Execute todos os Q-R-T-P-C-R em duplicata para cada amostra usando um termociclador de PCR em tempo real capaz de detectar vários fluoróforos. Como etapa final, normalize a expressão gênica de células-tronco para liberar a expressão de DH para cada amostra. Usando o método delta delta CT

Colha CSCs coletando meios contendo células e centrifugando a 125 vezes G por cinco minutos. Adicione 500 microlitros de uma solução de descolamento celular não proteolítico para quebrar as células antes de centrifugar novamente para remover a solução de descolamento celular. Em seguida, lave as células duas vezes com PBS frio.

Incube as células em meios de crescimento normais por uma hora antes de rotular as células depois de girar as células. Como antes, ressuspenda as células em PBS com 0,1% BSA contendo anti CD 1 33 PE e anti CD one 17 FE. Em seguida, fixe as células durante a noite em formaldeído 1% Para, realize citometria de fluxo para analisar a expressão da superfície celular CD um 17 e CD 1 33. Colete dados sobre células nos canais FL um e FL três e gere portas para células que expressam fits E e pe.

Gere um gráfico de pontos com quatro quadrantes e determine o número de células em cada placa de quadrante. 5.000 células por poço para cada variante de célula em placas de 96 poços durante a noite.
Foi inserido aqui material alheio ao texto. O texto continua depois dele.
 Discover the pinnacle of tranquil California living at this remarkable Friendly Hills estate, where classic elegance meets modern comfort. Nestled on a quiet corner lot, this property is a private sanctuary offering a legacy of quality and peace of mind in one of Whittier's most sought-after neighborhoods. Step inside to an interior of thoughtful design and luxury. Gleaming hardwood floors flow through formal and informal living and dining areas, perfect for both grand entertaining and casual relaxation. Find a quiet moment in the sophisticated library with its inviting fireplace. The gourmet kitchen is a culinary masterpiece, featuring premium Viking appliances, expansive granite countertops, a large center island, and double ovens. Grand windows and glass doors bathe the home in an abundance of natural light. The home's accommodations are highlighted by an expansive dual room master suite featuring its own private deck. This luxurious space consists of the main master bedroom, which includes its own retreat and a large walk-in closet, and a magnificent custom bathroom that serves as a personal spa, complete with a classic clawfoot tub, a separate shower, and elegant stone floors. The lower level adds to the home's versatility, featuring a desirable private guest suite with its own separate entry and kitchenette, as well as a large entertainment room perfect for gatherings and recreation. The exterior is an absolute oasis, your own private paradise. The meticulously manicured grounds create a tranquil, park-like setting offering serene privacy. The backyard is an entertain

Em seguida, trate as células com várias concentrações de cisplatina ou paclitaxel por 96 horas.

Após 96 horas, adicione 10 microlitros de 10 miligramas por mililitro. O MTT incuba a 37 graus Celsius por duas a quatro horas até que o precipitado se forme para solubilizar. MTT. Adicione o solvente MTT uma solução contendo ácido clorídrico quatro milimolares e 0,1% NP 40 em isopropanol.

Após a incubação por 15 minutos no escuro, leia as placas a 570 nanômetros em um leitor de placas para demonstrar que as CSCs foram isoladas de linhagens de células epiteliais de câncer de ovário usando tratamento com cisplatina. As imagens das linhagens celulares foram adquiridas antes do tratamento e após a seleção, a microscopia de luz capturou imagens de aderência. As células SCV três e OCA 4 2 9, bem como as CSCs SCV três e OCA 4 2 9 CSCs parecem redondas e não se ligam às placas de cultura de tecidos.
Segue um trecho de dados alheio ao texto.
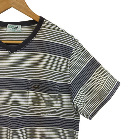 クロコダイル CROCODILE カットソー Tシャツ Vネック プルオーバー ボーダー 半袖 L グレー 緑 グリーン メンズ
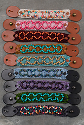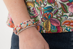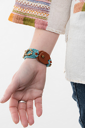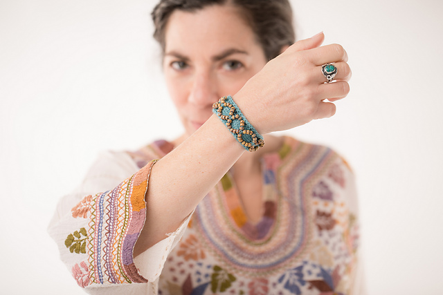 Laxo Cuff is worked from one end to the other flat with a snap clasp finishing it off. The Laxo Stitch features elongated beaded stitches that flow in and out with a cabling technique. The pattern includes a detailed video tutorial that teaches you how to work the cuff!
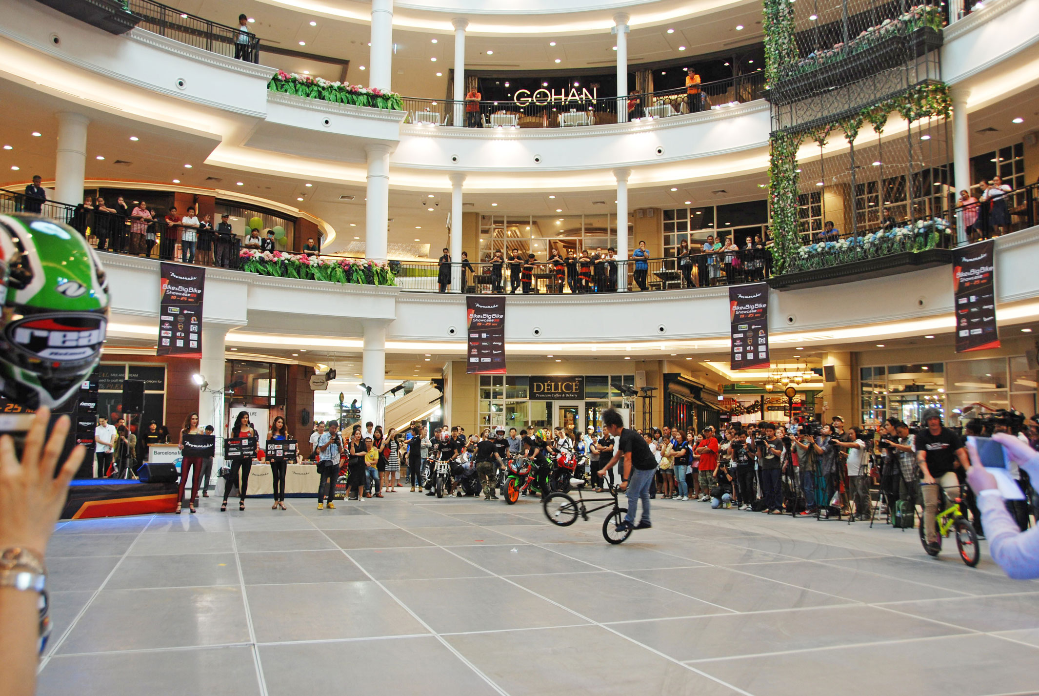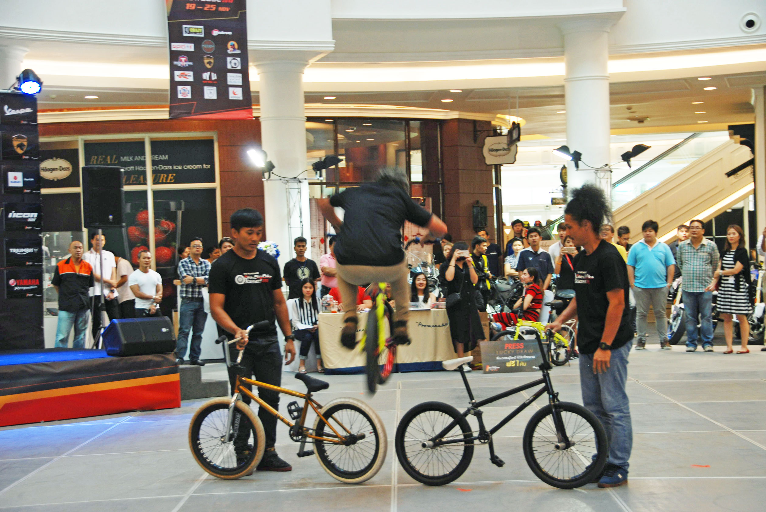 มาชมภาพบรรยากาศเปิดงานอีเว้นท์กันบ้างครับ เขามีโชว์การแสดงผาดโผนของทั้งจักรยานและบิ๊กไบค์ครับ เล่นโชว์กันกลางห้างเลย พื้นที่กว้างใช้ได้เลยครับ

SCV três células transduzidas com RFP retêm sua fluorescência após o isolamento das CSCs, demonstrando que as células são viáveis. Viável. As culturas de CSC foram avaliadas quanto à sua resposta à terapia medicamentosa. As CSCs demonstraram aumento da resistência à expressão de cisplatina e paclitaxel de genes de células-tronco.
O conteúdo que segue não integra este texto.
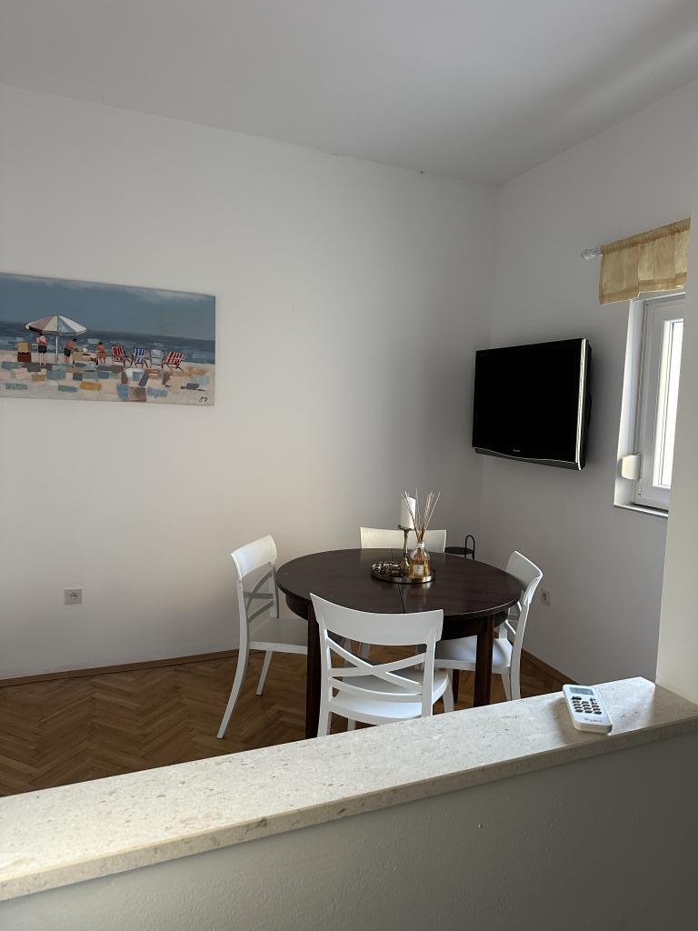 Bienvenue à l'appartement « Barka » – un coin de charme avec vue sur la mer. En plein cœur de Novigrad, à quelques pas de la mer, se trouve l'appartement « Barka » – spacieux, confortable et imprégné de la chaleur du style méditerranéen. D'une superficie de 50 m², il est idéal pour accueillir jusqu'à 3 adultes et constitue un choix parfait pour les couples ou les petites familles souhaitant des vacances au calme, loin de l'agitation touristique. L'appartement comprend une chambre séparée avec un grand lit double (180x200) et un autre lit simple confortable (100x200) dans le salon. Tous les lits sont neufs et sans supplément, ce qui garantit un sommeil de qualité et un confort optimal. Le charme particulier de cet appartement réside dans sa terrasse, partiellement couverte, offrant une atmosphère intime et une magnifique vue sur la mer. Un endroit idéal pour prendre un café le matin ou se détendre le soir.
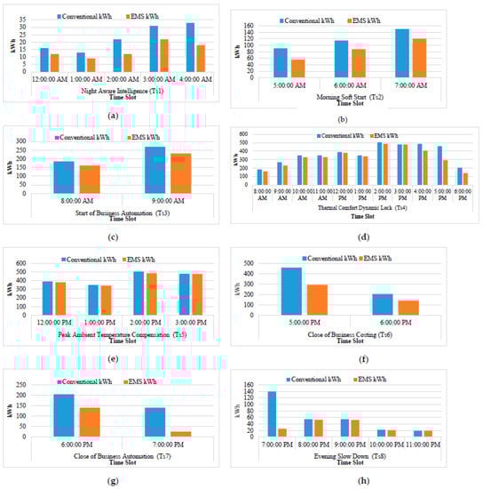 Electricity consumption comparison of each time slot. (a) Electricity consumption comparison of Night Aware Intelligence (TS1), (b) Electricity consumption comparison of Morning Soft Start (TS2), (c) Electricity consumption comparison of Start of Business Automation (TS3), (d) Electricity consumption comparison of Thermal Comfort Dynamic Lock (TS4), (e) Electricity consumption comparison of Peak Ambient Temperature Compensation (TS5), (f) Electricity consumption comparison of Close of Business Costing (TS6), (g) Electricity consumption comparison of Close of Business Automation (TS7), (h) Electricity consumption comparison of Evening Slow Down (TS8).
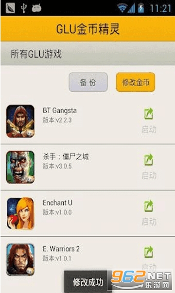 3.启动glu金币修改器并等待修改成功
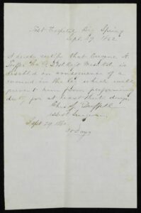 Daughter of the 21st Massachusetts Infantry’s Surgeon Calvin Cutter, Miss Carrie Eliza badgered her father into letting her accompany the regiment as a nurse (hospital matron on the rolls) on the North Carolina expedition of 1861-62. She tended sick and wounded soldiers up to her own death, of “spotted fever” aboard the transport Northener off New Bern on 24 March 1862.
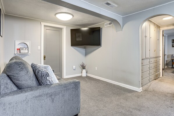 ADDITIONAL INFORMATION - This single-story unit is located on the lower level of the home and requires stairs for access - A long-term tenant lives on-site in the upstairs unit; they may be present during your stay
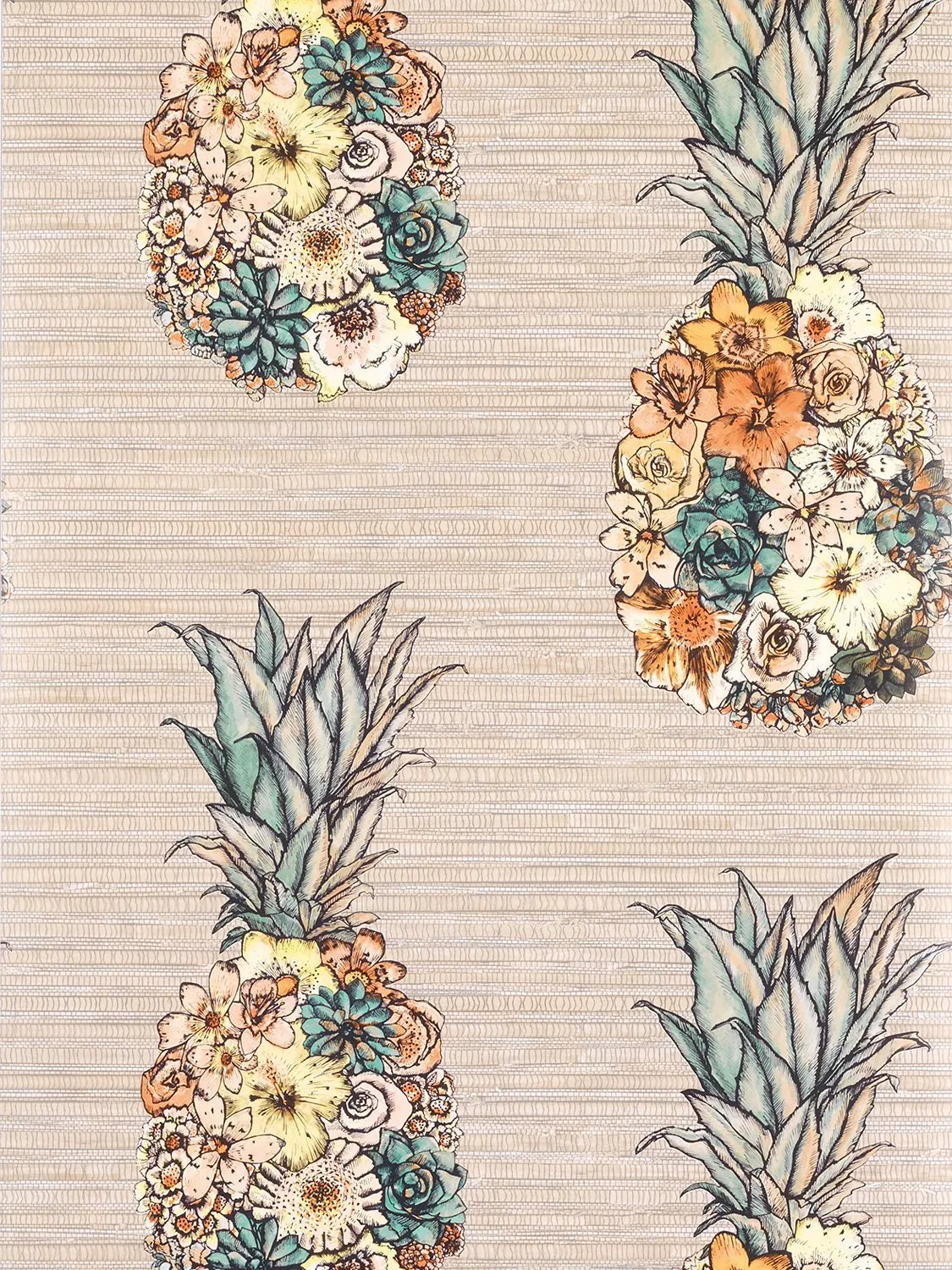 Stylised pineapples, composed of flowers with colourful petals, set on a background resembling grass cloth.Have you thought about wallpaper accessories? Shop here.

CD 1 33 NEIN nano e T quatro foram examinados. Em experimentos iniciais. T quatro nano e neína foram elevados em S SCV três culturas de CSC em comparação com não tratadas, mas os resultados não foram estatisticamente significativos.

CD 1 33 foi significativamente induzido em SCV três culturas de CSC em comparação com células não tratadas. Ao repetir esses experimentos, T quatro e nano aumentaram em S SCV três CSCs em comparação com as células de controle parental. SCV três, CSCs exibem expressão aumentada da superfície celular do marcador CSC CD one 17, conforme revelado pela análise de fax Ao tentar este procedimento, é importante lembrar que a principal limitação deste protocolo é o período de tempo que o CSC permanece viável.

Usando este protocolo, o CSC permanece viável por menos de uma semana. Portanto, os tipos de experimentos e análises para os CSCs precisam ser cuidadosamente cronometrados. Não se esqueça que trabalhar com cisplatina pode ser extremamente perigoso e precauções como o uso de roupas de proteção e evitar o contato com a pele e as membranas mucosas devem sempre ser tomadas seguindo este procedimento.

Outros métodos, como a exclusão do azul de triam, podem ser realizados para responder a perguntas adicionais sobre a viabilidade da célula, bem como limitar os ensaios de diluição para demonstrar as características promotoras de tumor das CSCs após seu desenvolvimento. Essa técnica abriu caminho para pesquisadores no campo do câncer explorarem caminhos que levam à resistência à quimioterapia.